31. 真名
    就这样,过去的老师接过了任务,统筹部署帝都的人员行动。虽然他说话刻薄,为人傲慢,但确实有与之匹配的实力。

    据温丝黛尔所说,他的双眸除了能看到过去和未来,还能辨认真实和虚假,看破伪装和谎言。

    但莫勒并不常召唤过去的自己,至少这次他的出现,令众人都很惊讶。“他不喜欢自己的过去”,已经成为了大家的共识,即便过去的他,是真的很好用。

    所以他糟糕的脾气,大多人都捏着鼻子忍了,温丝黛尔更是从他到来的那天起,就数着莫勒归来的时间。
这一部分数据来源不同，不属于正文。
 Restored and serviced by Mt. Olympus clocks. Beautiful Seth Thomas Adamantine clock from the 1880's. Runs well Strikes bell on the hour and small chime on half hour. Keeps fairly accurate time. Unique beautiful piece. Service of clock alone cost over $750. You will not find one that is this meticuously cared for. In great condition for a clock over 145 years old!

    “我从来没有如此怀念过和莫勒共事。”温丝黛尔深吸一口气,“如果他回来得太晚,恐怕我们本就所剩不多的友情,也要被消耗殆尽了。”

    听到这话,西莉亚噗嗤一声笑了,这几日她都待在这里学习魔法,在他们的指导下,掌握了十几种元素魔法,大多是战斗型,其中最强大的还要属过去的老师教给她的“元素激荡”,这是他的独创魔法,虽然只是中阶水平,却堪比许多高阶毁灭魔法的效果,难度也极高,需要使用者运用多种元素,使其碰撞炸裂,进而迸发出可怕的破坏力。

    但她还无法熟练使用,只成功释放过两次,因此没少被他嘲笑。

    温丝黛尔还在念叨着,面前的空间忽然如水波扭曲,银发青年再度出现,今天他换了件漆黑法袍,细长的暗金锁链缠绕在裸露的肩背,串连其中的鲜红宝石更显肌肤如雪。
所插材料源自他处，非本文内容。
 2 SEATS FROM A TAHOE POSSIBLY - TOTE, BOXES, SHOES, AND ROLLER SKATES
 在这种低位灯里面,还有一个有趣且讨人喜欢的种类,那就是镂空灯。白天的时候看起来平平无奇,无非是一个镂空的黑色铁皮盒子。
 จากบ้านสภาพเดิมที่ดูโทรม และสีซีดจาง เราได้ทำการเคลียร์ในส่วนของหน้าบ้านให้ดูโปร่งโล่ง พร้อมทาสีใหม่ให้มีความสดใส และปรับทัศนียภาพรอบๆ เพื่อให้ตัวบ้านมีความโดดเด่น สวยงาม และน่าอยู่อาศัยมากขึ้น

    西莉亚大胆打量着他漂亮的锁骨,不得不说,过去的老师,衣品一流,身材又极佳,即便看不清脸,也足以赏心悦目。

    “欢迎回来,老师。”

    他转身似乎看了她一眼,“别叫我老师,我并不是你的老师。”

    “那我该怎么称呼您?”

    他保持了惯常的傲慢,“你还没有资格称呼我的真名。”

    西莉亚依旧好脾气道,“那好吧,过去的老师,这样的称呼可以吗?”

    耳边传来锁链摇动的轻响,一转眼,他已坐在她的身旁,“你的性格还真是柔软,未来的我,居然会看中这样的人?”
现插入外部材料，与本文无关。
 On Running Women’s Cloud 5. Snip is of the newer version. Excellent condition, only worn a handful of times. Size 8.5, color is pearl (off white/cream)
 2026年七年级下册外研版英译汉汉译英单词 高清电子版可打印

    “我并非不会生气,只是觉得没有必要,在老师回来后,与你有关的记忆都会消失。为不存在的事物而愤怒,实在是浪费情绪和力气。”

    “看来还是有些用处,至少有一张利嘴。”他的指尖印在她的眉心,她感受到有种奇异的力量涌入脑海,激起一阵酥麻。

    “我破例允许你念诵我的真名,米力波勒。”

    “我的荣幸,米力波勒阁下。”

    “别擅自加阁下这种令人作呕的称呼。”

    西莉亚从善如流,“好吧,米力波勒,你有带来什么好消息吗?”

    “邪教徒成功寄生并取代部分贵族,这世上的蠹虫又少了一部分,真是可喜可贺。”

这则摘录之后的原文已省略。